From New America Media and Frontera Norte Sur:

It’s full-tilt political boogie in the United States and Mexico. Media in both nations are saturated with interviews, profiles and satires of the candidates. Cable blasts virtually nonstop news of the Republican primaries and the ones for president and Mexico City mayor south of the border. In 2012 the neighboring countries will experience national, local and state elections in extraordinary times. In the year 2000, the last time major U.S. and Mexican elections coincided, the results led to jarring and even unimaginable events in both countries.

 

For the United States, the elections take place amid an uneven economic recovery, the historic erosion of the middle class, the clash between austerity and social safety net politics and the sharpening contradictions between the costs of projecting military power abroad while satisfying growing needs at home. Dramatized by foreign policy critic Ron Paul’s showing in early Republican primaries, some of these issues are even gaining traction on the right.

 

As in Mexico, a new year’s gush of gasoline price hikes and other rises in the cost of living greeted the populace.
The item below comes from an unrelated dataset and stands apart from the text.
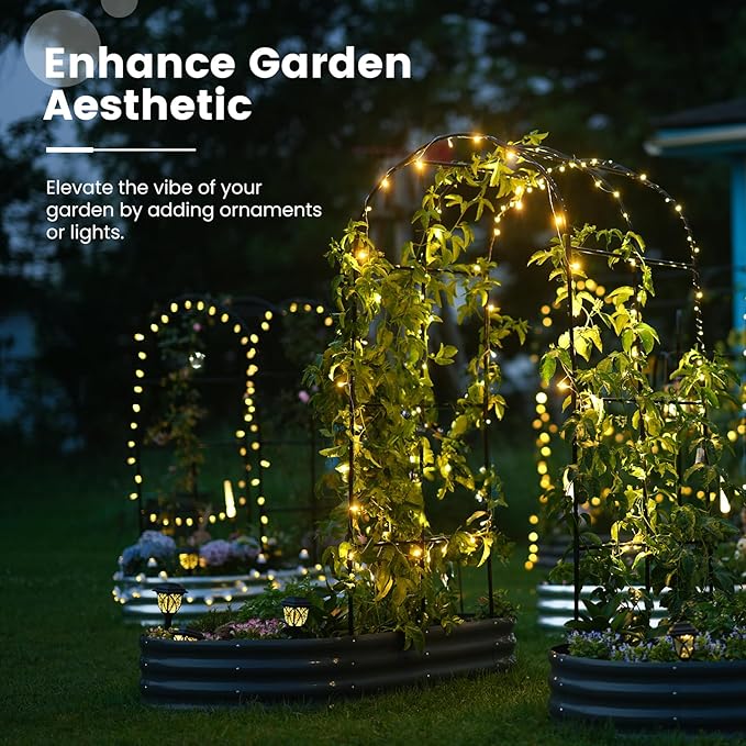 • 【Multifunctional Trellis】More than just a simple raised planter box, the trellis adds a realm of possibilities to your garden. You can hang small flower pots, decorations, and ambient lights on the trellis, or drape it with mesh or covers. As lush plants climb over the trellis, they also provide refreshing shade for your garden.
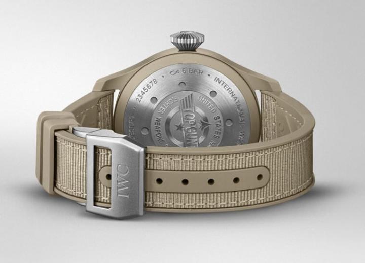 沙色陶瓷的灵感是来自一处美军的海军航空武器基地,它正位于洛杉矶以北大约150英哩的西莫哈韦沙漠上,美军在这建立基地的主要目的包括训练飞行员以及研发空战武器系统等,这与Top Gun系列的创作渊源隐隐呼应,IWC便是由陶瓷壳的颜色联想起莫哈韦沙漠的自然景致,因此帮手表冠上“莫哈韦沙漠特别版”之名。

Welcome to the cost of January.

 

Unforeseen just one year ago, growing grassroots movements inspired by, but not limited to Occupy Wall Street, are re-framing the political debate and shaping the political terrain.

 

Initially aimed at the nerve center of global capitalism, the Occupy-influenced movements are evolving in numerous ways, moving from national to local and back to national stages, as was evidenced by last week’s student protest in California against tuition hikes as well as demonstrations planned this month at state legislatures and court houses in New Mexico and elsewhere. The demands range from ending “corporate personhood” to passing legislation aimed at getting more tax revenue from the wealthy one percent of the population.

 

On countless fronts, citizens are back in the streets in the greatest sustained numbers since the early 1970s. Whether it’s Native Americans protesting the desecration of Arizona’s San Francisco Peaks, environmentalists and ranchers taking on the Keystone XL pipeline or civil rights and pro-migrant organizations uniting to resist the Alabama immigration law, independent citizen action is back in style.

 

Mexico, likewise, finds itself at a critical juncture. More than five years after President Felipe Calderon initiated his so-called drug war, a Vietnam-like body count mounts daily, as do the official declarations of success, in a manner very reminiscent of bravado emanated from Washington about Southeast Asia several decades ago. Simultaneously, the wheels of the legal Mexican economy are spinning ever more slowly, and even the big engine of oil is no longer reliable, with easily recoverable supplies diminishing and vanishing into puffs of greenhouse gases.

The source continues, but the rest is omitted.